How to Shift a Sponsor’s Mindset on Measurement

CrowbarI recently referenced a major Australian sporting organisation in an opinion piece in The Australian newspaper. My comments were about how they were promoting their recent hire of a company that “measures sponsorship 24/7” – basically using software to register logo exposure and put a value on it.

My opinion is very firmly in the category of “Wow, that is old school”. Their response was more or less that they had contracted to provide that information to their sponsors and that it formed an important part of the sponsorship assessment.

My response to their response is, “Wow, that is old school.” The problem is that the situation of sponsors expecting that kind of report is not nearly as uncommon as it should be, and indicate an entire sales and servicing process that are a long way from current.

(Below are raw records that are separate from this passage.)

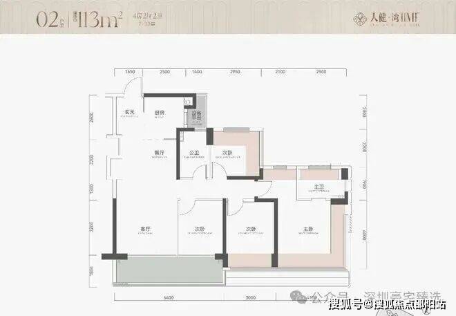 户型为113㎡四房114四房和139㎡五房约290套,2栋100米内30层住宅,2梯5户,其中主力为113㎡四房,整体以朝南及西南为主,有两套朝东北面向金众。
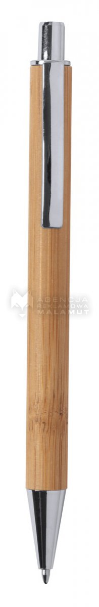 Bambusowy długopis z metalowym klipem i końcówką. Z niebieskim wkładem.
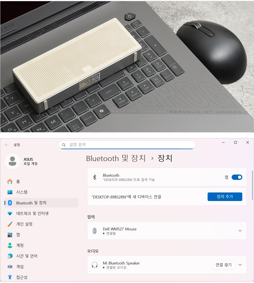블루투스를 지원해 다양한 액세서리를 무선으로 연결해 활용할 수 있다. 스마트폰과 연결해 데이터 전송이 가능하며 사진과 같이 외장 스피커나 마우스 등도 연결해 활용할 수 있다.
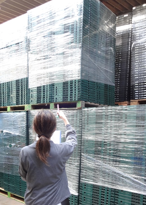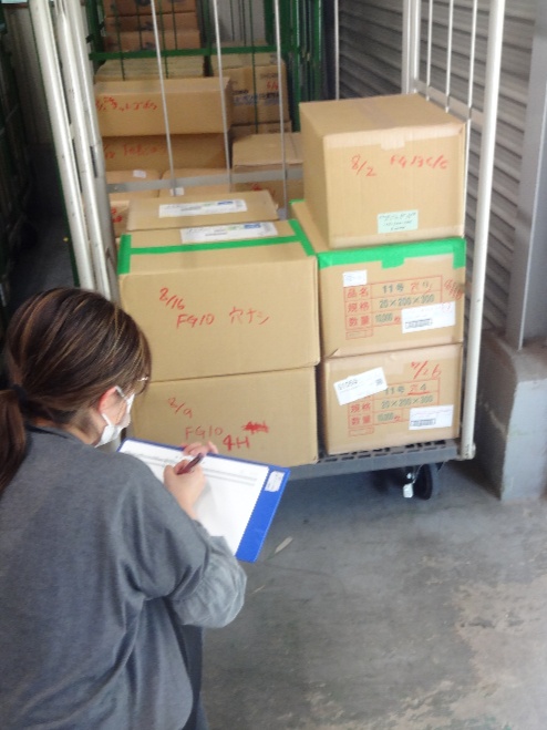 台車を使い運搬します。伝票を貼り所定の場所に置きます

Fortunately, if you’re in that situation, it’s not that difficult to change both your approach and the sponsor’s mindset around what constitutes a meaningful result and how to measure it. I’ve worked with sponsees to effect that mindset shift with hundreds of sponsors over the years, and this is the approach we take:

Sell meaning, not eyeballs

The issue with expecting a report outlining the value of media exposure usually starts during the sales process. If you sell on the basis of logo exposure, they’ll expect you to prove how much exposure they received. You are, in a sense, making a rod for your own back.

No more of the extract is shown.